Нравственные письма к Луцилию - Сенека Луций Анней - Страница 95
- Предыдущая
- 95/129
- Следующая
(11) Что же мне посоветовать тебе? Что ты должен делать? Ничего нового: ведь не от новых болезней нужны нам лекарства. Прежде всего ты сам для себя должен разобраться, что необходимо и что излишне. Необходимое ты легко найдешь повсюду; лишнее нужно всегда искать, тратя всю душу. (12) Далее, тебе не за что будет так уж себя хвалить, если ты презришь золотые ложа и посуду в самоцветах. Велика ли добродетель — презреть лишнее? Восхищайся собой, когда презришь необходимое. Пусть ты можешь жить без царского убранства, — это не так уж много!

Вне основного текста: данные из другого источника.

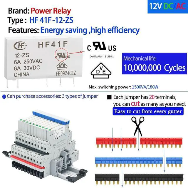PackagePackage Content: 10× Power Relay; 10× Relay Socket Base; 2x 140mm Length DIN Rail; 3×Jumper; 4×Fixing Clip; 2×Separator; 4×Screw.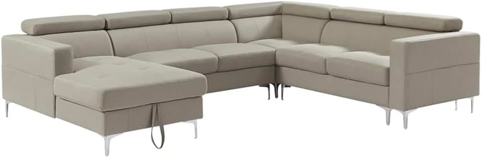120'* 94.5" 3-Piece Sectional Sofa U Shape with Storage Left Chaise Lounge with Head Adjustment Linen Fabric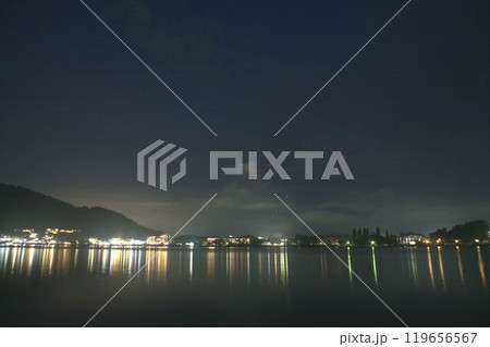 夏の暮れ時の河口湖と雲間から魅せる富士山のシルエット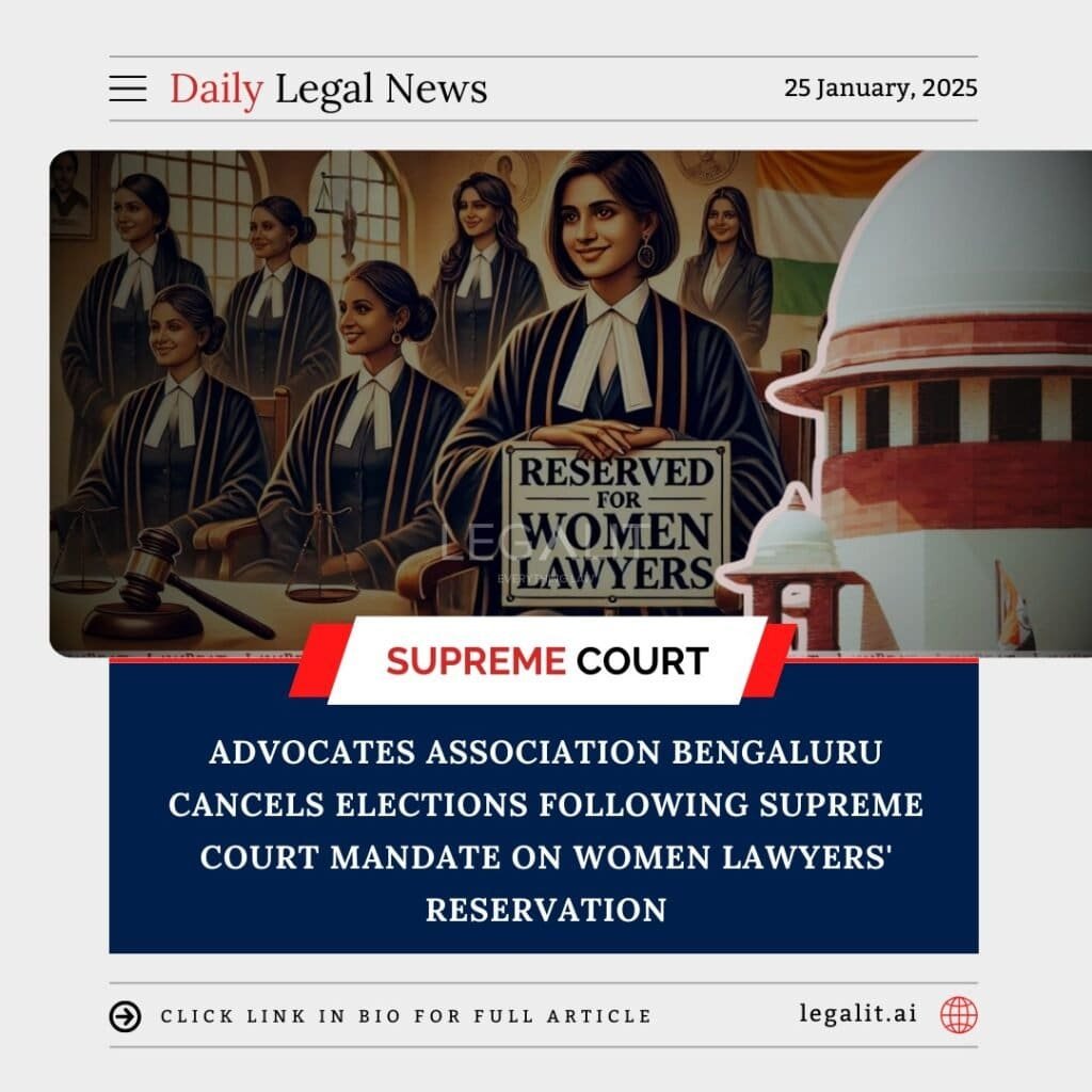 The Advocates Association of Bengaluru (AAB) has canceled its upcoming elections after the Supreme Court directed that 33% of the seats in the association’s governing body be reserved for women lawyers. The decision follows a recent Supreme Court order emphasizing the need for greater representation of women in leadership roles within the legal profession.

Пусть тебе не нужны тысячефунтовые кабаны, языки заморских птиц и прочие чудовищные выдумки роскоши, пресытившейся целыми тушками и выбирающей из каждой только те или другие части, — я буду восхищаться тобою, когда ты презришь даже грубый хлеб, когда убедишь себя, что трава родится не только для скота, но, в случае необходимости, и для человека, когда узнаешь, что молодыми побегами деревьев тоже можно наполнить желудок, который мы набиваем ценностями, словно он может их сохранить. Насытиться можно и без прихотей. Какая разница, что поглотило брюхо, которое все равно не удержит проглоченного? (13) Тебе нравится видеть разложенным по блюдам все, что можно добыть на суше и на море; одно приятнее тебе, если доставлено к столу свежим, другое — если его долго откармливали и заставляли жиреть до того, что сейчас оно безудержно расплывается салом. Тебя радует наведенный с великим искусством лоск, — а между тем, клянусь, все эти с трудом добытые и разнообразно приготовленные яства, едва попав в утробу, превратятся в одинаковую мерзость. Хочешь научиться, как презирать чревоугодие? Взгляни, чем всё выходит!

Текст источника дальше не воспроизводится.